Notre Dame model for Baylor generates debate
Posted: 2/17/06
Notre Dame model for Baylor generates debate
By Ken Camp
Managing Editor
WACO—Baylor University supporters agree the school is “Texas Baptists’ crown jewel,” but should it aspire to become the “Protestant Notre Dame”? And in a larger sense, what can Roman Catholics teach Baptists?
Doug Henry |
Since former university President Robert Sloan led the school to adopt its Baylor 2012 long-range plan and open its Institute for Faith & Learning, supporters have pointed to Notre Dame as an example of a religiously affiliated school that successfully integrates faith and learning.

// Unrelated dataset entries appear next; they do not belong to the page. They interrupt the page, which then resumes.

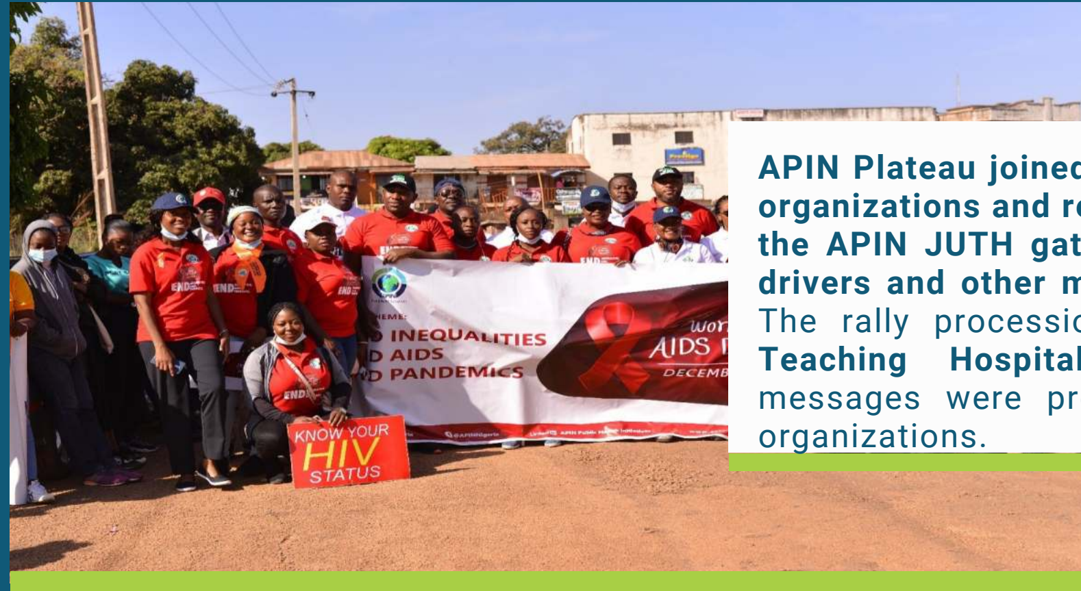
APIN Plateau joined government stakeholders, civil society organizations and relevant interest groups in a rally around the APIN JUTH gate and its environs to sensitize tricycle drivers and other market men and women in the environs. The rally procession ended at the Old Jos University Teaching Hospital (JUTH) Complex where goodwill messages were presented by representatives of various organizations.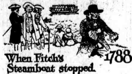
When Fitch's Steamboat stopped.

THE MACMILLAN COMPANY Publishers NEW YORK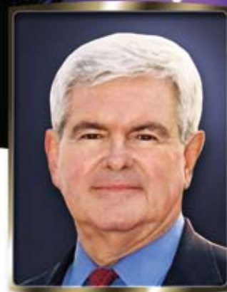
January 26, Tuesday DR. ANDREW WEIL

They maintain Notre Dame generally has accomplished what Baylor wants to achieve—recognized status as a top-tier university without surrendering to secularism.
“Notre Dame is both academically highly successful and confessionally Christian. It’s evident from the language university leaders use that they are serious about its Catholic character and its high academic aspirations,” said Michael Beaty, chairman of the Baylor philosophy department.
Baylor could come become the kind of national university that the best and brightest Protestant students will dream of attending, said Doug Henry, director of Baylor’s Institute for Faith & Learning.
“Baylor can have the same sort of image for Protestants that Notre Dame has for Catholics—a place to come to if you’re looking for moral, spiritual and ethical maturity—a place where students set their sights and set their hearts on going,” Henry said. “It can become the most intellectually interesting place to be, and a place where serious, smart Protestant and Baptist students will want to come.”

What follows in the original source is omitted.